TASK ITEM — For this exercise, write out only the lines of the entries below from the one with "A modern twist" up to and including the one with "Tagging and taxonomy", exactly as they are. Pictures stay out.

WORKING DATA —
=-=-=-=-=

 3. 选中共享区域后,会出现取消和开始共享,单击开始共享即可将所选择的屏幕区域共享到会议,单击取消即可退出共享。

=-=-=-=-=

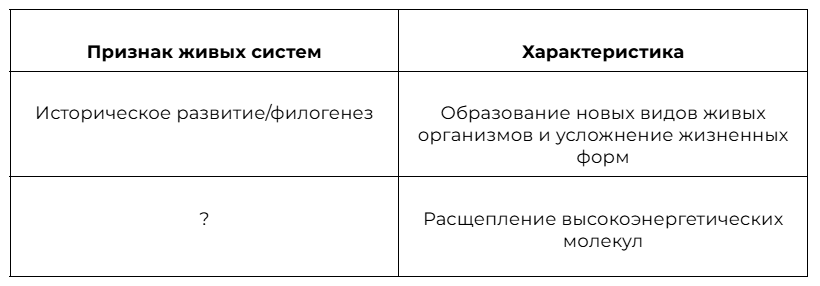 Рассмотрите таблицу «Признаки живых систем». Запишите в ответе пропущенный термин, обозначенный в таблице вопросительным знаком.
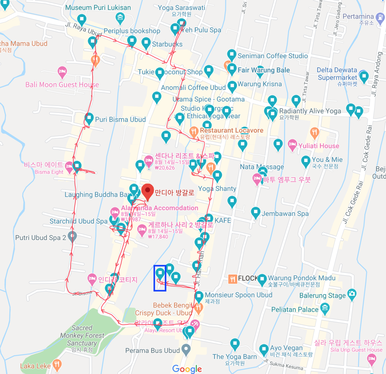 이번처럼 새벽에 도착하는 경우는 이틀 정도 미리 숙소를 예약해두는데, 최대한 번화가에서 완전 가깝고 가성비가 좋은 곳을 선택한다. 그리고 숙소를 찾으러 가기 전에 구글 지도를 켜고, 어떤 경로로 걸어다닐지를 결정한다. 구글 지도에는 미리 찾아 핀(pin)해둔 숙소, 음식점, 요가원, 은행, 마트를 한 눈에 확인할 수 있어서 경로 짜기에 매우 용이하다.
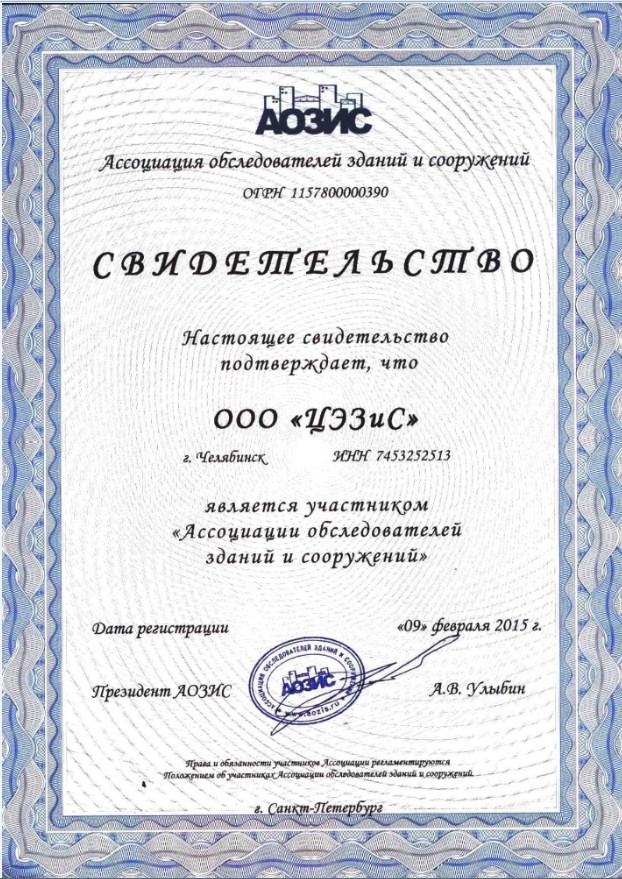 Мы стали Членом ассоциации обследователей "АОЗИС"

=-=-=-=-=

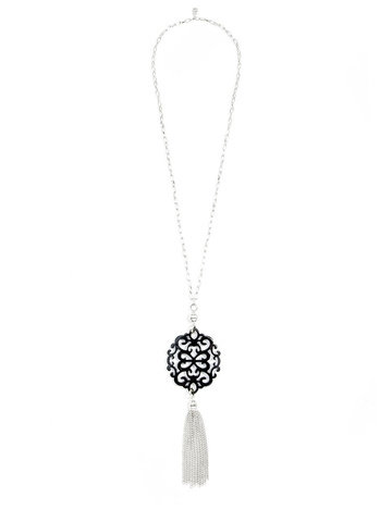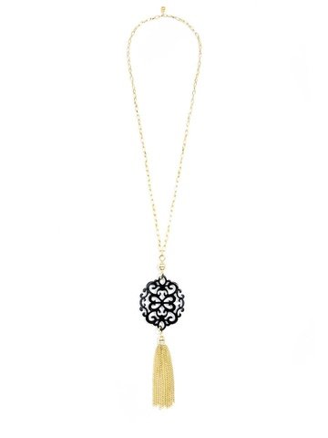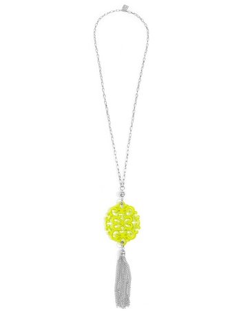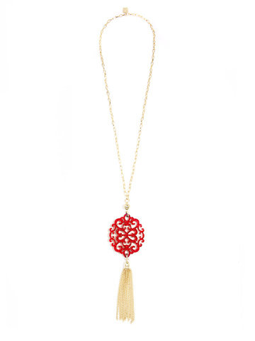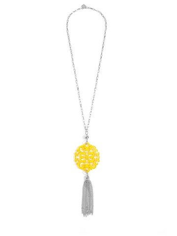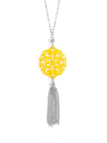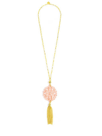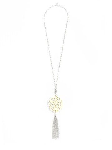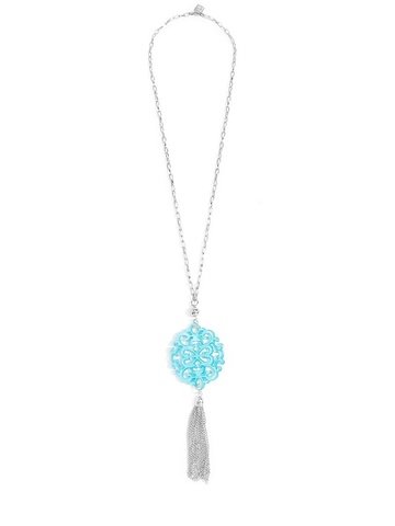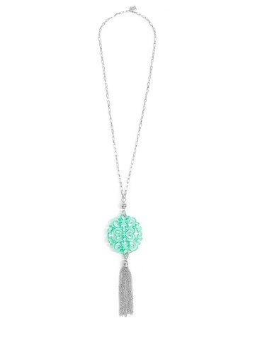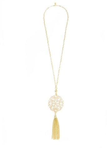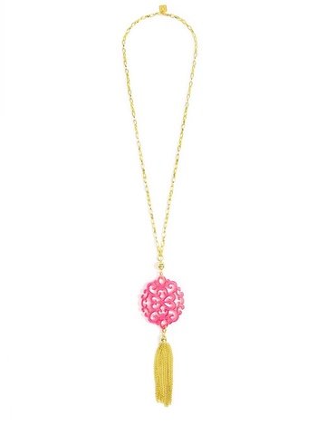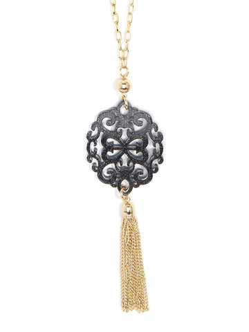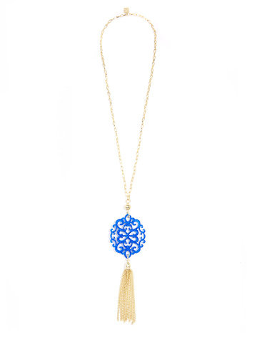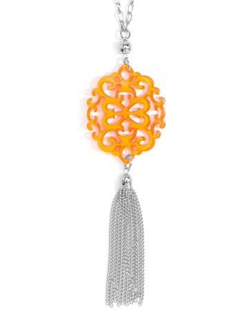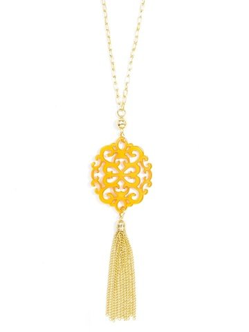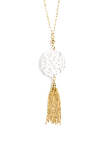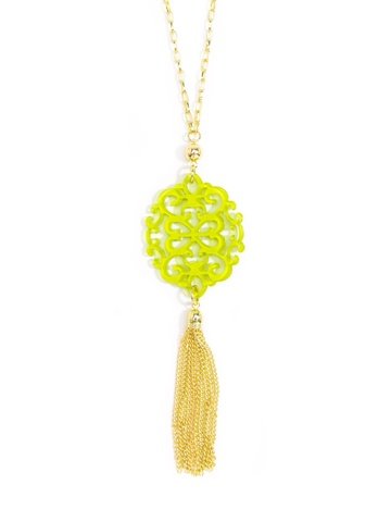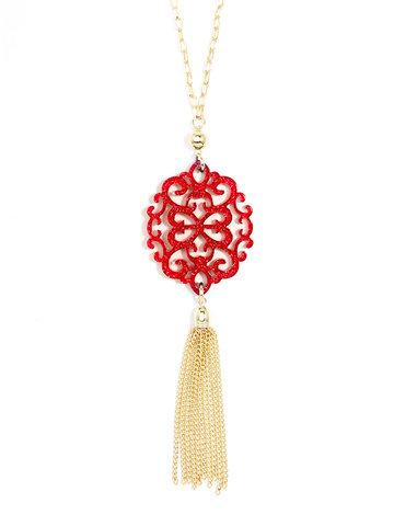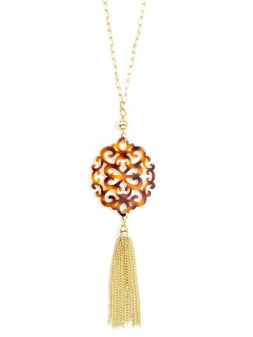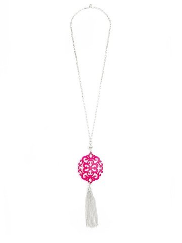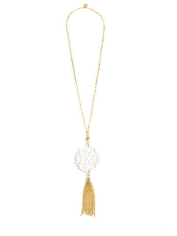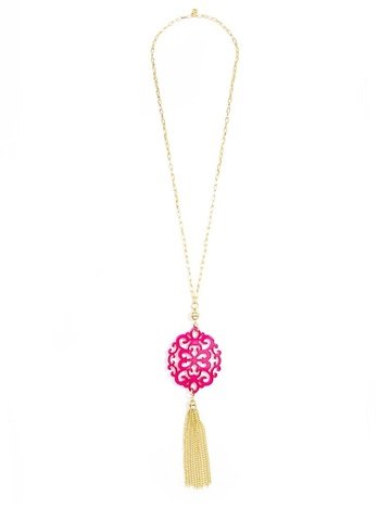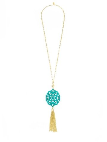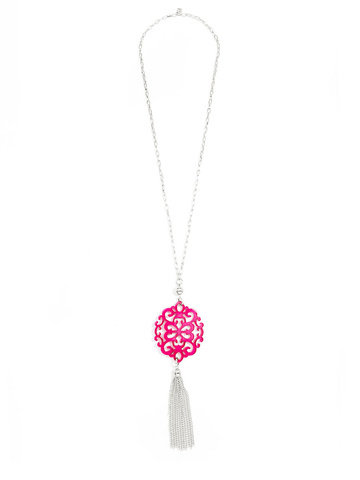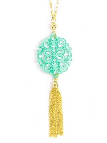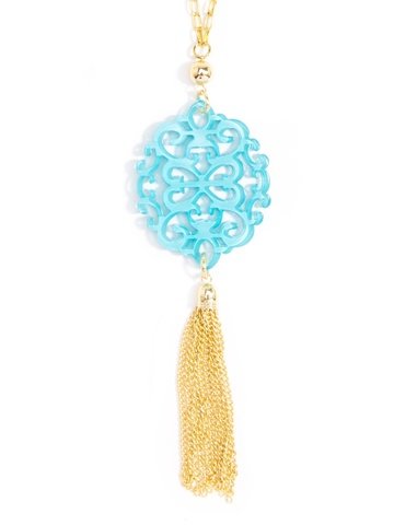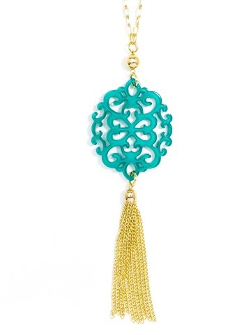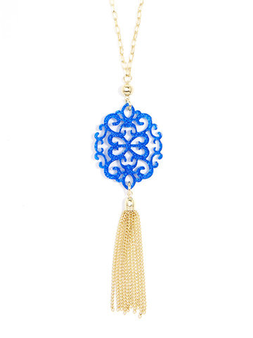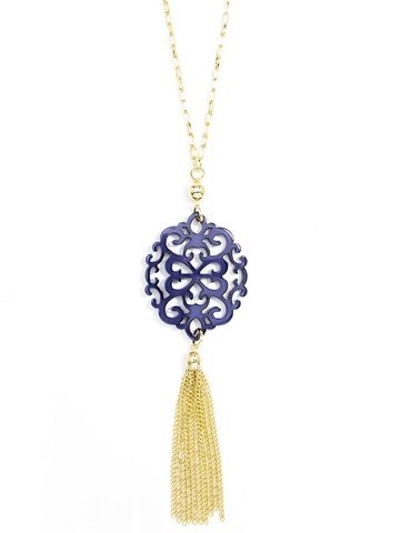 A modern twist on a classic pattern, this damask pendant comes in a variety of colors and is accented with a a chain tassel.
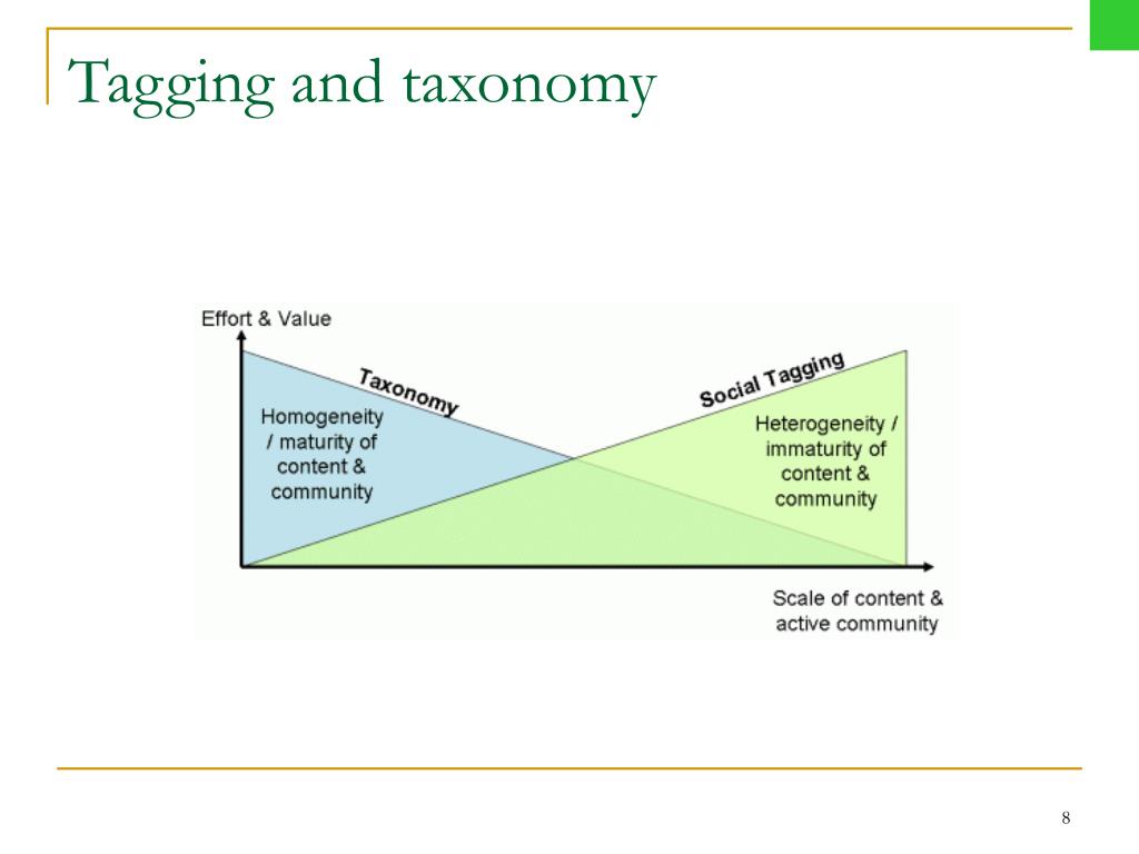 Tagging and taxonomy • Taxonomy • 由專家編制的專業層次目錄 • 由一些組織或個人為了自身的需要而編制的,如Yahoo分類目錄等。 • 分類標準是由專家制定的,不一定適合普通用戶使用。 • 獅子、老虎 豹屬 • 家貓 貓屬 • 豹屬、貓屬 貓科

=-=-=-=-=

EXERCISE ANSWER —
 A modern twist on a classic pattern, this damask pendant comes in a variety of colors and is accented with a a chain tassel.
 Tagging and taxonomy • Taxonomy • 由專家編制的專業層次目錄 • 由一些組織或個人為了自身的需要而編制的,如Yahoo分類目錄等。 • 分類標準是由專家制定的,不一定適合普通用戶使用。 • 獅子、老虎 豹屬 • 家貓 貓屬 • 豹屬、貓屬 貓科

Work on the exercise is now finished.